A Governor's Vision Takes Commercial Form
The Extended Weekend Farmers' Market did not emerge from a vacuum. On April 15, 2026, Governor Arthur Defensor Jr. sat with representatives of Vista Land to discuss the possible establishment of a food terminal in Oton. The talks, while still exploratory, centered on creating a dedicated market hub where farmers could sell directly to the public without the intermediation of wholesalers who capture the largest share of the final price. "The governor also floated the idea of piloting a weekend flea market within the area, although he stressed that any future development should remain orderly, clean, and accessible to the public," provincial officials noted after the meeting.
The May 15 launch represents the pilot that the April discussions previewed. Defensor has been explicit about his administration's agricultural strategy: create market access, and the productivity gains will follow. The weekend market at Vista Mall Iloilo, by offering a clean, organized, and professionally managed venue, gives farmers a trading environment that commands consumer trust. For the bolanteros who have historically sold produce from pushcarts and roadside stalls, the transition to a mall‑based market represents a significant upgrade in visibility, foot traffic, and sales potential.
Beyond the Market: A Province‑Wide Push for Direct Trade
The Oton market aligns with a broader provincial strategy that has been gathering momentum across multiple fronts. The Regional Development Council recently approved Resolution No. 23, mandating the use of locally produced farm products in all government‑funded events across Western Visayas. The KADIWA program, which links producers directly to consumers, has received over ₱58 million in grants across the region for the establishment of stores, food processing centers, and storage facilities. The Department of Agriculture has released ₱37.9 million worth of farm equipment to farmer and fisherfolk associations in the province.

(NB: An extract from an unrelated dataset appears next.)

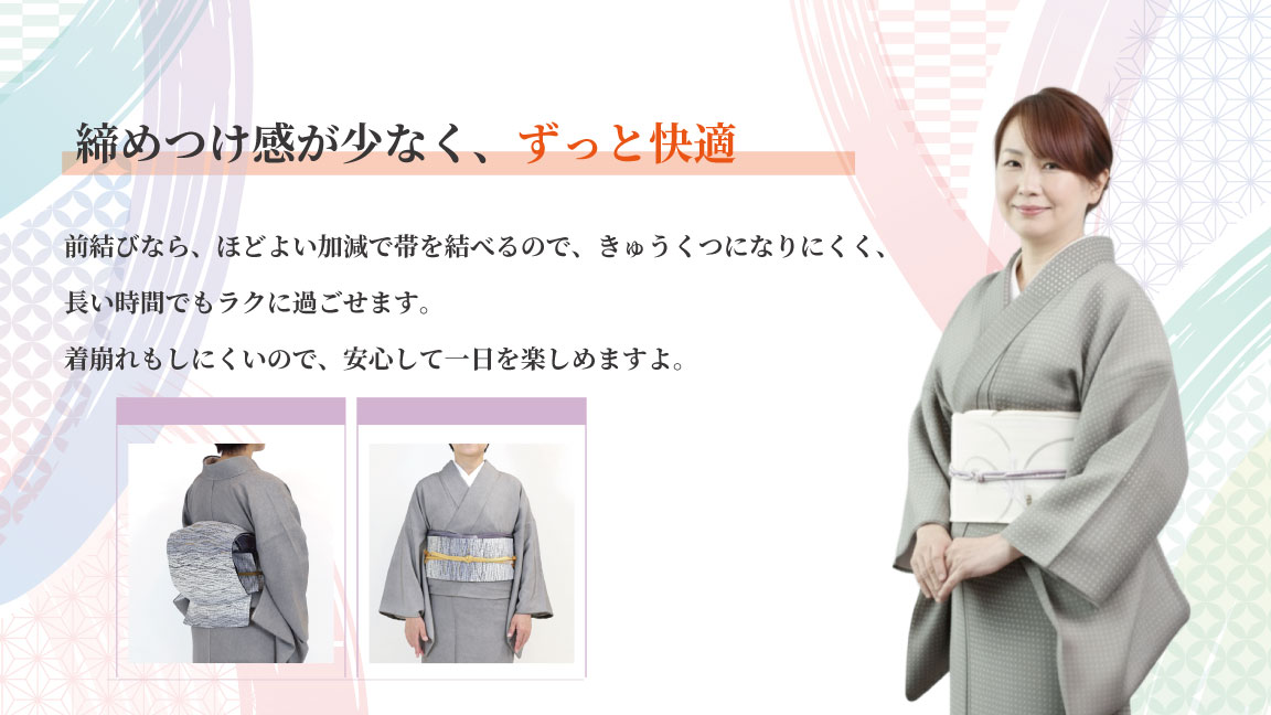 帯の結び方や力加減も調整しやすく、自分で素敵な結び方ができるととても好評です。

Each of these initiatives, while distinct, shares a common architecture: they bypass the layers of intermediation that inflate retail prices and compress farmgate earnings. The weekend market at Vista Mall Iloilo is the most visible consumer‑facing expression of this strategy—a place where the province's agricultural policy becomes tangible, browseable, and purchasable.
For the families who shop at Vista Mall Iloilo, the market adds a dimension that the mall's standard retail mix cannot replicate. The produce on display carries a provenance: the onions from Miagao, the vegetables from Oton's own farms, the fruits from the province's interior barangays. For the farmers who staff the stalls, the market provides something equally rare: a direct line to consumers who are increasingly willing to pay for freshness, quality, and the knowledge that their pesos are reaching the people who earned them. As the market continues through mid‑June, the province will be watching closely—not only to count the sales, but to measure the strength of the connection between the farm and the fork.